## Requirement
Would you return the listing exactly as written, apart from its pictures?

## Supplied material

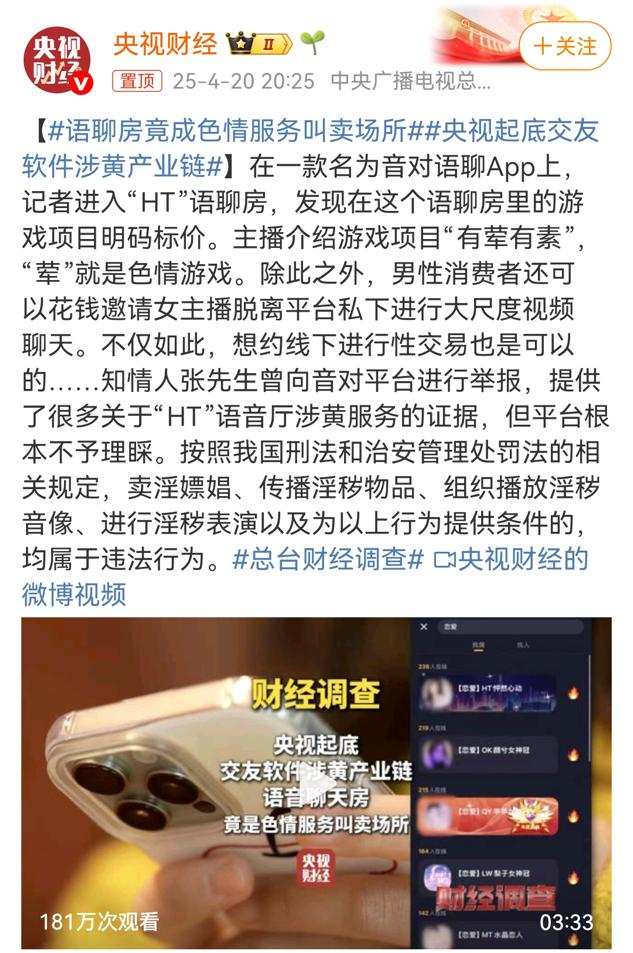 据央视财经近期报道,语聊App“音对”被吧曝出通过语聊房来提供明码标价的游戏项目和私聊服务,为男性消费者提供大尺度聊天、线下色情交易等,该平台也被知情人举报至相关部门。
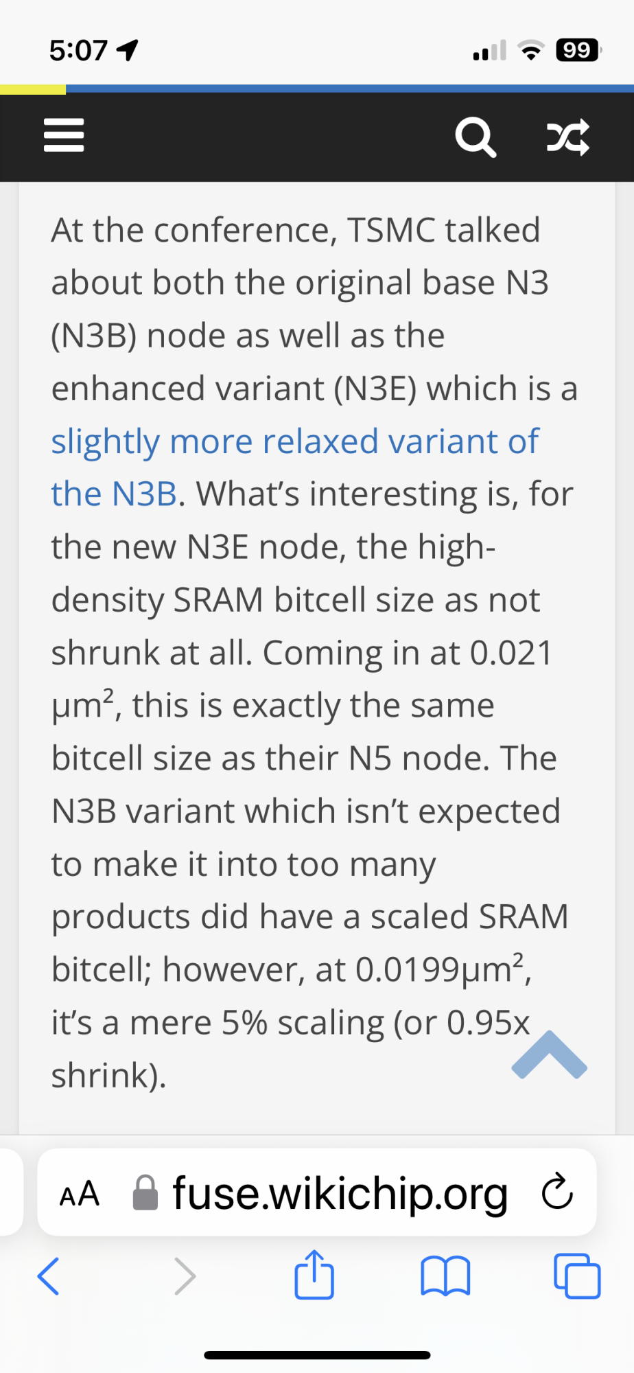 If N3B is still getting incremental yield increases through 2024 then it may not make sense at all. One report said that TSMC could be getting some new equipment to make the multipatterning they are doing for the extreme small options of N3B better. N3E's SRAM/cache is bigger (old N5 size). N3B is slightly smaller. But Apple uses higher than average amounts of cache. So likely some die size bloat. If you make the die size bigger then the N3E yield goes very incrementally down.
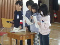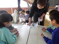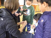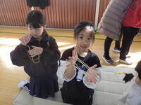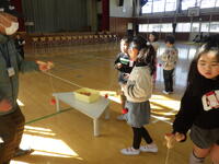 保護者や地域の方々をお招きして、1年生が昔遊び体験を行いました。けん玉、ビー玉、お手玉、竹馬など、昔ながらの遊びのやり方やこつを教えていただきながら、楽しく交流しました。
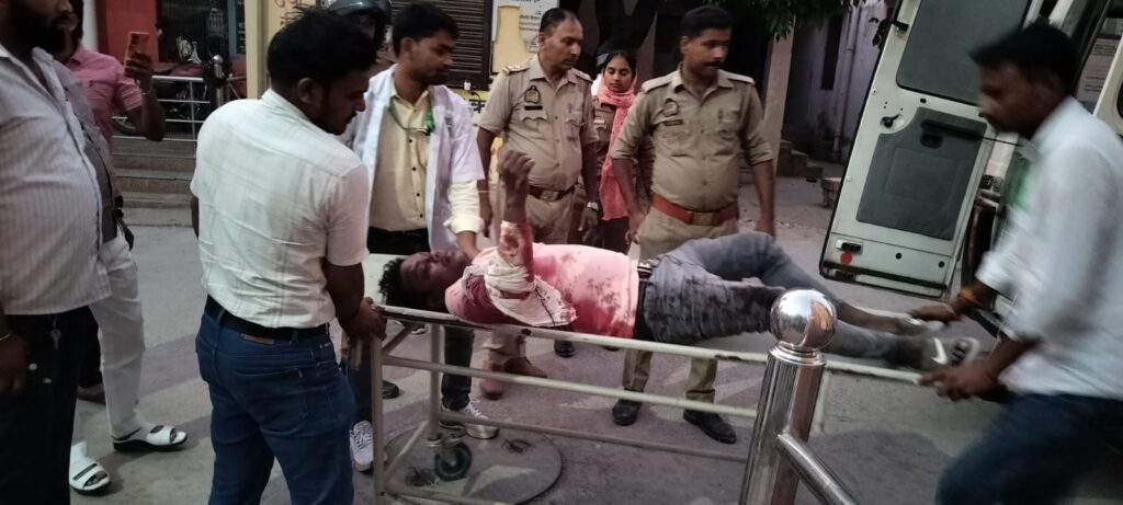फूलपुर आजमगढ़ फूलपुर कोतवाली क्षेत्र के बैसडीह गांव स्थित अमृत सरोवर के पास शनिवार को शाम लगभग छह बजे के करीब पति ने पत्नी को प्रेमी संग जाते हुए देख लिया पहले से घात लगाए पति ने उसके प्रेमिका को कट्टे से प्रहार कर दिया जिससे प्रेमी के हाथ में गोली लगी और वह घायल हो गया।आरोपी मौके से फरार हो गया।इस दौरान दोनों के बीच हाथापाई भी हुई। मौके पर पहुंची पुलिस ने एम्बुलेंस को बुलाया और घायल को सीएचसी में भर्ती कराया। जहां डाक्टरों ने उसे रेफर कर दिया।जानकारी के अनुसार अंजली 32 का कोतवाली क्षेत्र के कतरा कुटिया आंखूपुर में मायका है।उसकी शादी कप्तानगंज थाना के मेनमवली गांव के केसरी चौहान से हुई थी।महिला काफी दिनो से अपने मायके कतरा कुटिया रहती थी। उसके दो लड़की और एक लड़का है,शनिवार को महिला रमेश कुमार 30 निवासी पेंडरा सरायमीर के साथ दवा लेकर घर जा रही थी।जैसे ही वे बैसडीह अमृत सरोवर के पास पहुंचे पहले घात लगाए पति और दो साथी घात बैठे थे।इस दौरान पति और प्रेमी के साथ जमकर हाथापाई हुई और पति ने तमंचा से प्रहार कर दिया गोली प्रेमी के दाएं हाथ में लगी गोली आवाज सुन काफी लोगों की भीड़ जुट गए इस बीच मौका पाकर आरोपी फरार हो गया।स्थानीय लोगों ने घटना की जानकारी स्थानीय पुलिस को दी,घटना की सूचना मिलते ही घटनास्थल पर सीओ किरन पाल सिंह और कोतवाल सच्चिदानंद कर जाँच कर रहे है।

## Task result
 据央视财经近期报道,语聊App“音对”被吧曝出通过语聊房来提供明码标价的游戏项目和私聊服务,为男性消费者提供大尺度聊天、线下色情交易等,该平台也被知情人举报至相关部门。
 If N3B is still getting incremental yield increases through 2024 then it may not make sense at all. One report said that TSMC could be getting some new equipment to make the multipatterning they are doing for the extreme small options of N3B better. N3E's SRAM/cache is bigger (old N5 size). N3B is slightly smaller. But Apple uses higher than average amounts of cache. So likely some die size bloat. If you make the die size bigger then the N3E yield goes very incrementally down.
 保護者や地域の方々をお招きして、1年生が昔遊び体験を行いました。けん玉、ビー玉、お手玉、竹馬など、昔ながらの遊びのやり方やこつを教えていただきながら、楽しく交流しました。
फूलपुर आजमगढ़ फूलपुर कोतवाली क्षेत्र के बैसडीह गांव स्थित अमृत सरोवर के पास शनिवार को शाम लगभग छह बजे के करीब पति ने पत्नी को प्रेमी संग जाते हुए देख लिया पहले से घात लगाए पति ने उसके प्रेमिका को कट्टे से प्रहार कर दिया जिससे प्रेमी के हाथ में गोली लगी और वह घायल हो गया।आरोपी मौके से फरार हो गया।इस दौरान दोनों के बीच हाथापाई भी हुई। मौके पर पहुंची पुलिस ने एम्बुलेंस को बुलाया और घायल को सीएचसी में भर्ती कराया। जहां डाक्टरों ने उसे रेफर कर दिया।जानकारी के अनुसार अंजली 32 का कोतवाली क्षेत्र के कतरा कुटिया आंखूपुर में मायका है।उसकी शादी कप्तानगंज थाना के मेनमवली गांव के केसरी चौहान से हुई थी।महिला काफी दिनो से अपने मायके कतरा कुटिया रहती थी। उसके दो लड़की और एक लड़का है,शनिवार को महिला रमेश कुमार 30 निवासी पेंडरा सरायमीर के साथ दवा लेकर घर जा रही थी।जैसे ही वे बैसडीह अमृत सरोवर के पास पहुंचे पहले घात लगाए पति और दो साथी घात बैठे थे।इस दौरान पति और प्रेमी के साथ जमकर हाथापाई हुई और पति ने तमंचा से प्रहार कर दिया गोली प्रेमी के दाएं हाथ में लगी गोली आवाज सुन काफी लोगों की भीड़ जुट गए इस बीच मौका पाकर आरोपी फरार हो गया।स्थानीय लोगों ने घटना की जानकारी स्थानीय पुलिस को दी,घटना की सूचना मिलते ही घटनास्थल पर सीओ किरन पाल सिंह और कोतवाल सच्चिदानंद कर जाँच कर रहे है।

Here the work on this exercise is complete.